A nurse at the city morgue waits for the autopsy to begin of an ex-prisoner who died from MDR-TB. In Moldova, practically every death results in an autopsy; in the case of TB patients, the attending doctor is asked to inspect the infected organs and confirm the diagnosis and cause of death.
In Moldova in 2009, the number of people who died (i.e., the mortality rate) from TB was 18 per 100,000.* By contrast, in the United States in 2009, the mortality rate from TB was 0.16 per 100,000.†
† World Health Organization, Tuberculosis Profile: United States of America, 2009
D.S. was an ex-prisoner who died of MDR-TB. His mother stands over his body at a wake.
D.S., who was living with HIV, had spent time in prison for a drug offense.

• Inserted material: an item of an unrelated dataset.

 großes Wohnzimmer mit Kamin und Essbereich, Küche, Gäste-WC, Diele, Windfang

D.S.’s father, who was also in prison, is sure that his son was infected with TB while in jail.
D.S.’s life was filled with many of the risk factors that can make it much more likely for a person to develop active TB, as well as make treating the disease more complicated: He lived in poverty, used drugs, was co-infected with HIV, and spent time in prison. His life—and death—are not only examples of the human tragedies that TB causes, but also of the complex set of social situations that make TB an incredibly difficult disease to prevent and treat.

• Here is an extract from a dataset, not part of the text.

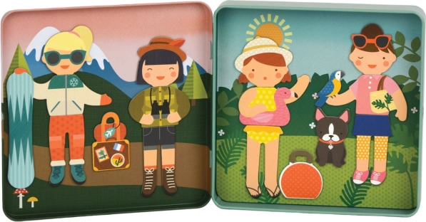 Denne kompakte magnetbog fra PETIT COLLAGE er den perfekte ledsager i bil, tog og på ferie. Inde i dåsen finder du to illustrerede scener og et sæt magnetiske dele, så børn nemt kan skabe sjove figurer og historier. Legen understøtter kreativitet, koncentration og fantasi.

Ivan Sevcenco, a patient with TB, relies on a local NGO to bring him his daily medicine. For patients who are unable to travel to a clinic or hospital, the availability of health care workers to visit and administer treatment is vital.
A nurse organizes medicine for a patient with MDR-TB at the TB hospital in Balti. The hospital has a dispensary and is a DOTS (Directly Observed Treatment Short course) treatment center that requires health care workers to observe patients taking their medicine.
DOTS, a TB control strategy, focuses on five main points of action:
A nurse from the TB hospital visits Ivan Coroliuc every day to give him his TB medicine and apply an IV for his diabetes. Coroliuc’s diabetes makes it difficult for him to travel to the hospital every day to retrieve his medicine.
Galina Zaporojan, a health care worker with Speranta Terrei, Balti’s local NGO, brings pills to Ivan Sevcenco, a TB patient. If Ivan continues to take his complete course of TB medicine, he can eventually make a full recovery from TB.